今回は「所得税ってどうやって計算する?」の3回目です。
前回のおさらい
前回の記事では、年収と所得の違いや、所得の種類、給与所得の算出式について整理しました。
所得税 = 課税所得金額 × 税率
= (所得金額 − 控除額) × 税率
= (給与所得金額 − 控除額) × 税率
= {(年収金額 – 給与所得控除額) – その他の控除額} × 税率
上記式の中で、「給与所得控除額」「その他の控除額」「税率」の部分がまだ整理できていなかったので、今回の記事ではその点について整理していきます。
控除とは
控除とは、同じ年収の人でも、その人の状況に合わせて税金を少なくするものです。例えば、子供を養っている場合は支払う税金を少なくしてあげますよ、というようなものです。

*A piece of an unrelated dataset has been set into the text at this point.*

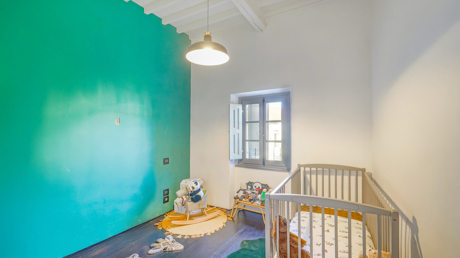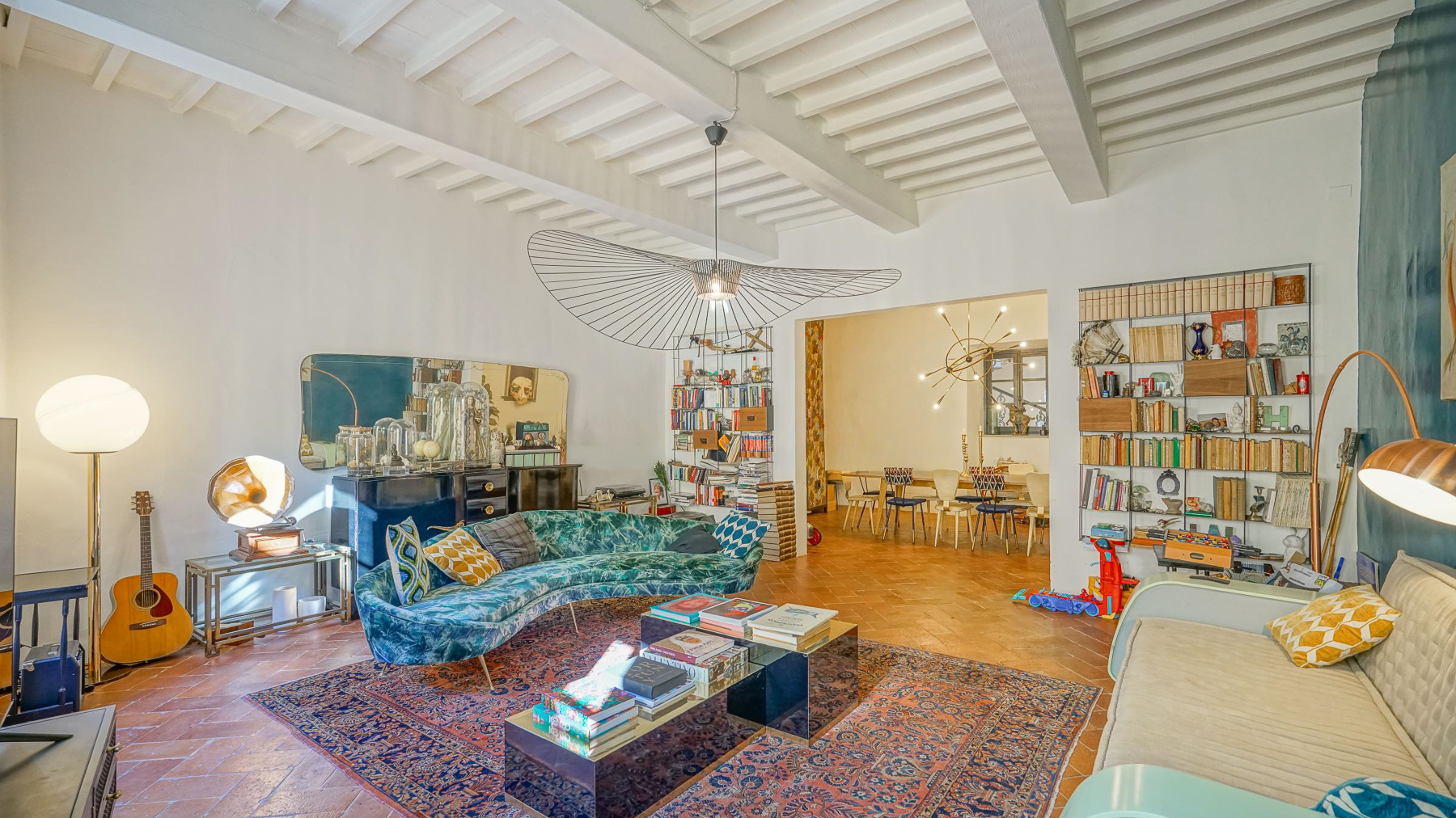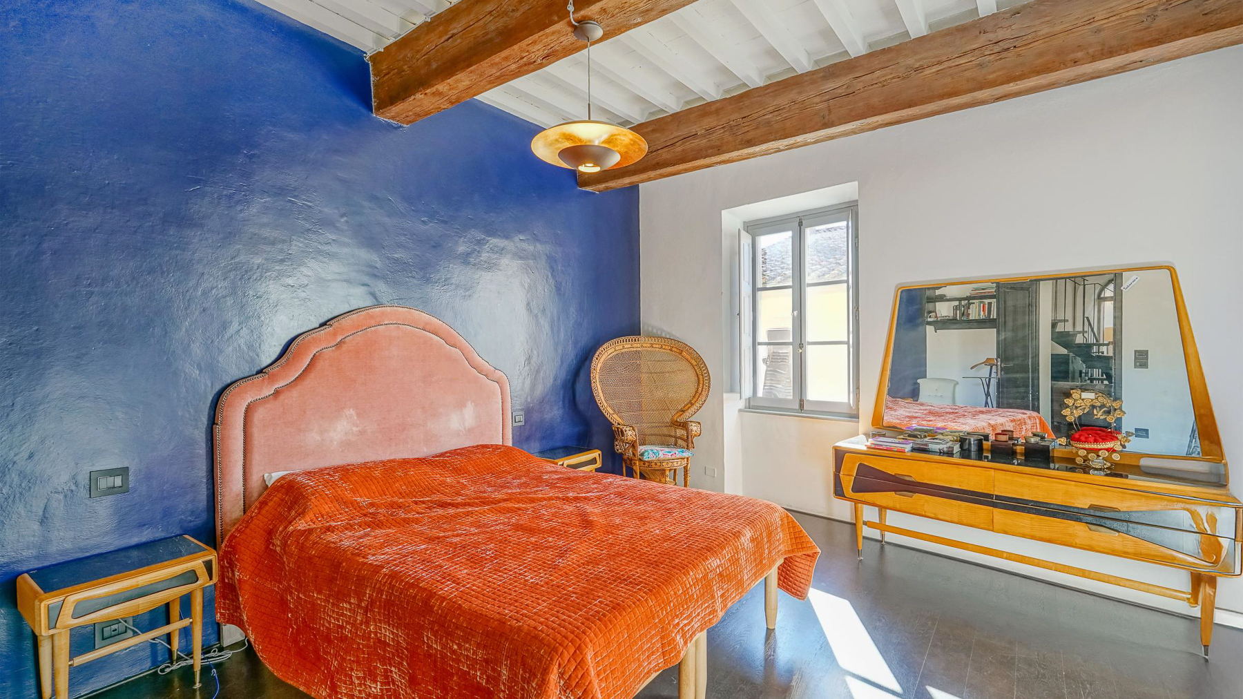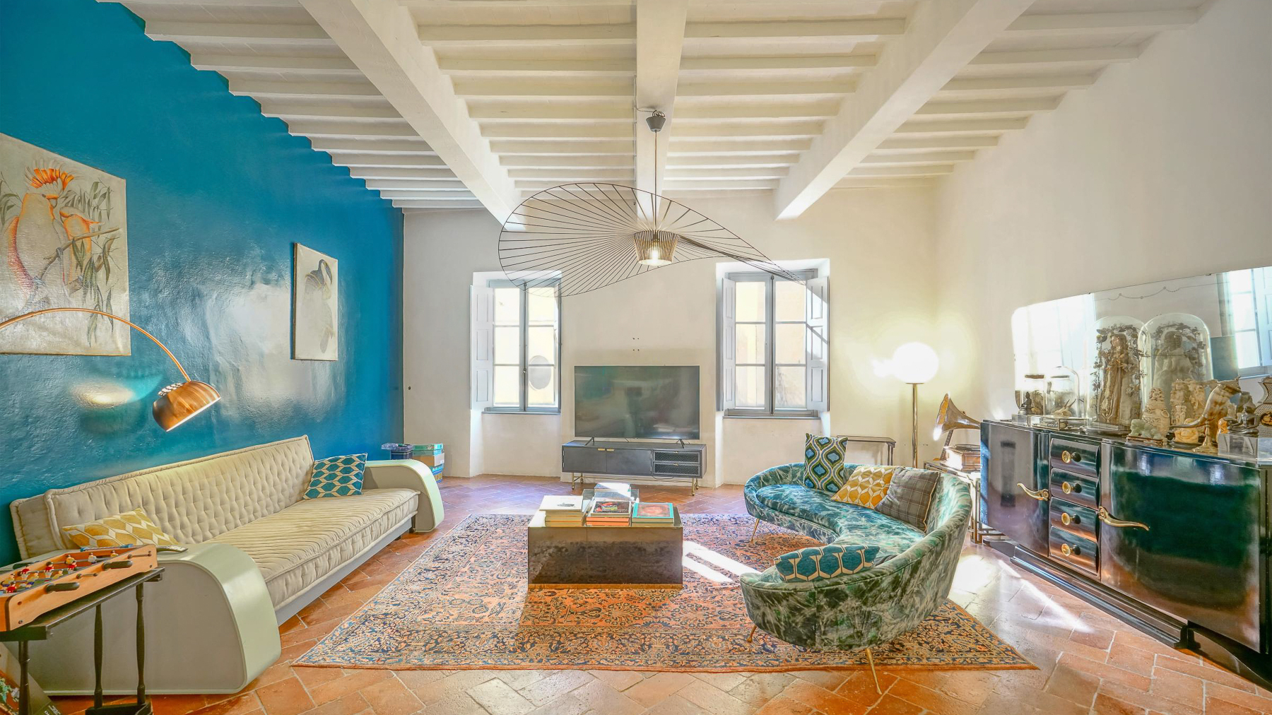Tucked away in the vibrant heart of Arezzo, this exquisite residence is a sanctuary of style and sophistication. Imagine stepping into a world where modern elegance meets vintage charm, bathed in natural light streaming through open shutters. The soothing blue walls, exposed beams, and unique light fixtures create a captivating atmosphere, inviting you to unwind and indulge your senses. Spanning a generous 340 square meters, this luxurious property boasts seven beautifully appointed rooms and five stylish bathrooms. Each room is a masterpiece, thoughtfully designed to blend contemporary flair with timeless allure. The spacious interiors flow seamlessly into a private garden and a stunning terrace, perfect for hosting gatherings or savoring quiet moments of solitude. Located in the bustling city life of Arezzo, this property offers a unique blend of urban convenience and serene living. Picture yourself lounging in the chic living room, surrounded by a harmonious mix of modern and vintage decor. The plush sofas and vibrant artwork set the stage for delightful conversations, while the patterned rug adds warmth and character. Step outside to the terrace, where the cityscape unfolds before you, offering breathtaking views and the promise of unforgettable alfresco dinners under the stars. This extraordinary dwelling epitomizes the pinnacle of luxury living. It's a rare jewel that perfectly combines contemporary design with timeless sophistication—a true testament to elegance and comfort in the heart of Arezzo.

国税庁によると、所得金額から差し引かれる金額(所得控除)は、15種類あります。
https://www.nta.go.jp/taxes/shiraberu/taxanswer/shotoku/1100.htm
- 雑損控除(災害や盗難などで資産に損害を受けたとき)
- 医療費控除(医療費を支払ったとき)
- 社会保険料控除
- 小規模企業共済等掛金控除
- 生命保険料控除
- 地震保険料控除
- 寄附金控除(ふるさと納税などの一定の寄付金を支払ったとき)
- 障害者控除
- ひとり親控除(寡夫控除)
- 寡夫控除
- 勤労学生控除
- 扶養控除
- 配偶者控除
- 配偶者特別控除
- 基礎控除
このように、災害の有無、配偶者の有無、寄付の有無など、一人ひとりの状況に合わせて控除額を決め、納税すべき金額を算出していくわけですね。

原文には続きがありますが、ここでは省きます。